There was a conflict of decision on the point whether a claim for possession by a purchaser in Court auction i n pursuance of execution of a decree is or is not a question relating to the execution of decree. It was set at rest by amending S.47 by C.P.C. (Amendment) Act, 1976. The amendment seeks to make it clear that such a question is a question falling under the section. Consequentially the relevant rules of 0.21 were also amended. Previously the execution court can pass only a summary order in matters of claim and obstruction. As per R.103 of O.XXI as it stood before amendment the Summary order is conclusive subject to the result of a regular suit by the defeated person. So the party against whom an adverse order is passed is driven to file a fresh suit It would cause delay and hardships. In order to avoid unnecessary delay and protracted proceedings the execution court has been given a wider jurisdiction in terms of amended S.47. Now the execution court itself has the jurisdiction to decide questions of title, right and interest of the parties. There can be not doubt, as observed by the Court, that the execution court is required to go into the question of right, title and interest in the property not only of the claimants, but of the judgment debator or auction purchaser also. But that does not mean that the burden of proof is on the auction purchaser.
By any stretch of imagination it cannot be argued that C.P.C. (Amendment) Act 1976 has shifted the burden of proof. The main feature of the amendment is conferring wider jurisdiction on the execution court to decide matters regarding right, title and interest. The amendment does not in any way indicate any change of law regarding burden of proof. The accepted position is that is for the obstructor to prove his entitlement to possession. A relevant passage from Sreenath v. Bajesh JT 1998 (3) SC 244 is extracted below.
"So under O.XXIR.101 all disputes between the decree holder and any such person is to be adjudicated by the Executing Court. A party is not thrown out to relegate itself to the long drawn out arduous procedure of a fresh suit. This is to salvage the possible hardship both to the decree holder and other person claiming title on their own right to get it adjudicated in thevery execution proceedings.......After investigation under R. 98 the Court puts back a decree holderin possession where the Court finds obstruction was occasioned without just cause, while under R. 99 where obstruction was by a person claims in good faith to be in possession of the property on his own right."
In a suit O.XXIR.103 C.P.C. (before amendment) the Plaintiff must prove not only that he was in possession when he obstructed the defendant (auction purchaser) but he must also establish the right which he claims to the present possession of the property. If he succeeds in doing so, his dispossession during the pendency of the suit does not matter. If his right is proved, then the order of removal of Plaintiff s obstruction must be set aside and the status quo, as at the date of that order, must be restored, that is to say the plaintiff must be put back into possession (See AIR 1939 Bom. 508 and other cases). The obstructor has to begin and lead evidence to prove his right.
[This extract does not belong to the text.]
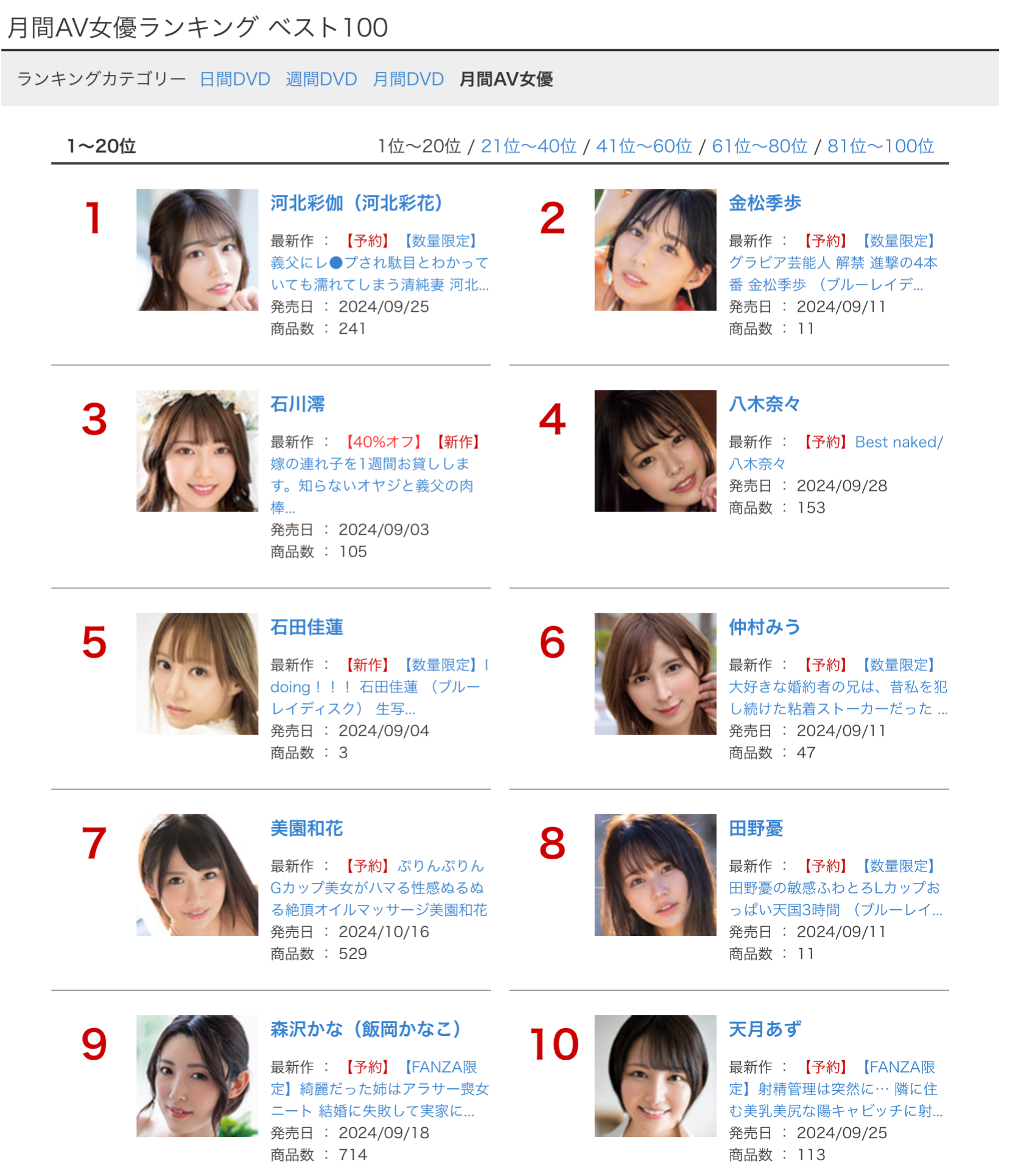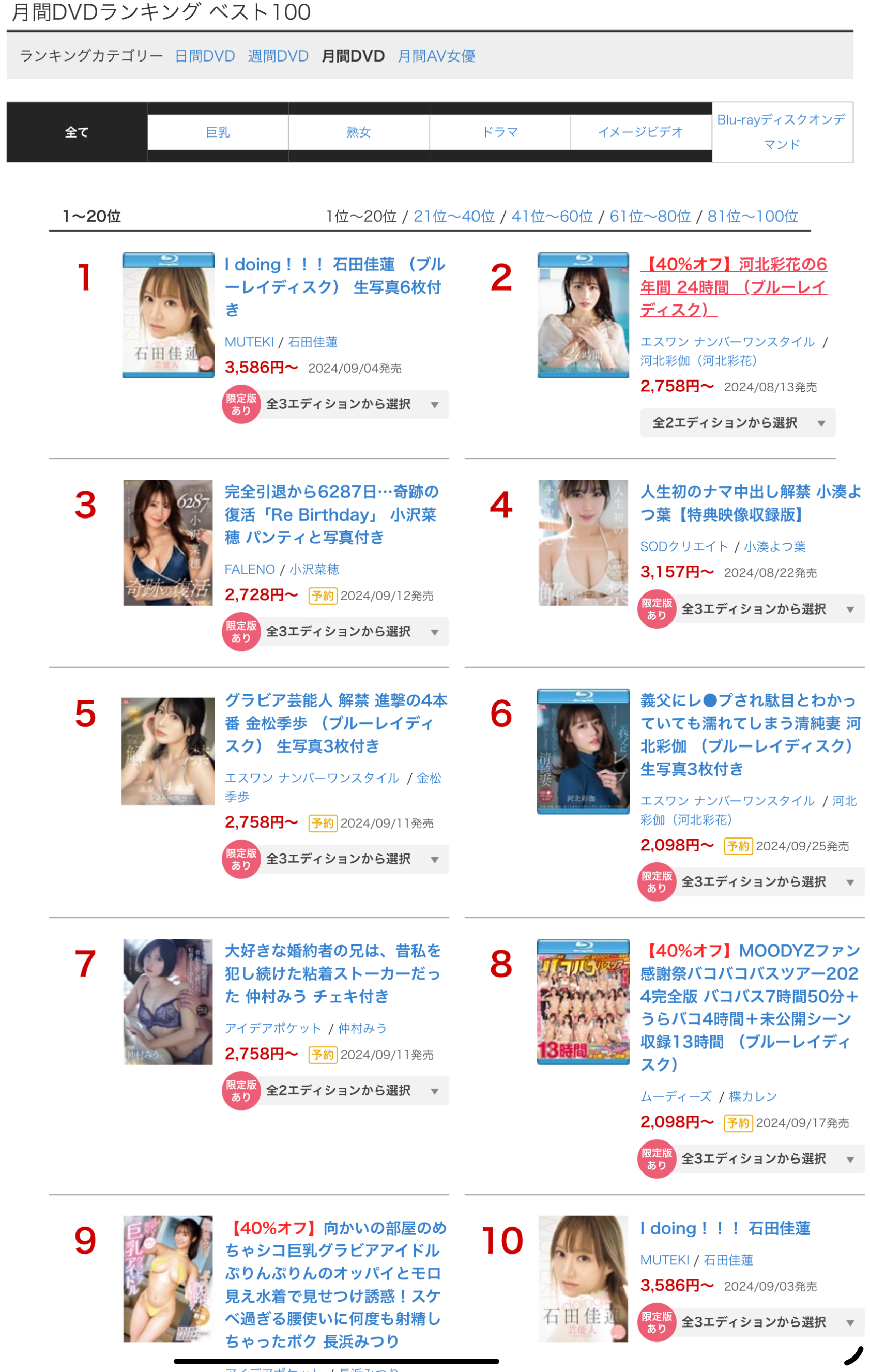 也就是因为这个打六折的动作,让出道以来表现超优秀的「田野忧」掉出十名外,我认为这是非战之罪,她还是非常强大,只可惜这次比价格比CP值稍嫌不足,让片商Moodyz的「MOODYZファン感谢祭バコバコバスツアー2024完全版バコバス7时间50分+うらバコ4时间+未公开シーン收录13时间」挤进了前十名ー从标题就可知道,Moodyz是把本编的感谢祭加上由浜崎真绪等女优演出的番外篇以及未公开的画面综合起来发售了一支总共13小时的完全体感谢祭,在女优人数众多片子分量又大然后还打六折促销的情况下自然很好卖⋯
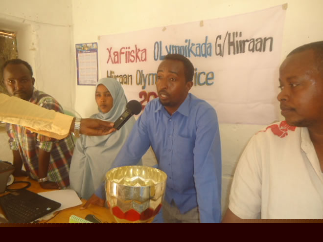 Sabti, Feberaayo, 23, 2013 (HOL) – Kadib dhaq dhaqaaq Isboorti oo si xowli ah uga socday bilihii ugu danbeeyay magaalada Baladweyne ee xarunta gobollka Hiiraan ayaa hadda waxaa muuqata in guddiga Olanbikada Soomaaliya uu u soo jeestay sidii uu loo taageeri lahaa howlaha Isboorti ee sida wanaagsan uga soconaya gobollka.

The observation of our High Court that the auction purchaser cannot take advantage of the weaknesses of the claimant's case alone appears to be not a correct approach in proceedings under R.99.
The Applicant has to prove that he was in possession and was dispossessed in the course of delivery of possession to the decree holder or purchaser. The onus lies upon him to prove his right to possession and it is a serious irregularity to ask the decree holder or auction purchaser to begin (AIR 1931 Mad. 534).
It is submitted that even after amendment in 1976 there is no change of law regarding burden of proof in proceedings relating to obstruction to delivery of property and 1999 (1) KLT 278 places the auction purchasers at their peril.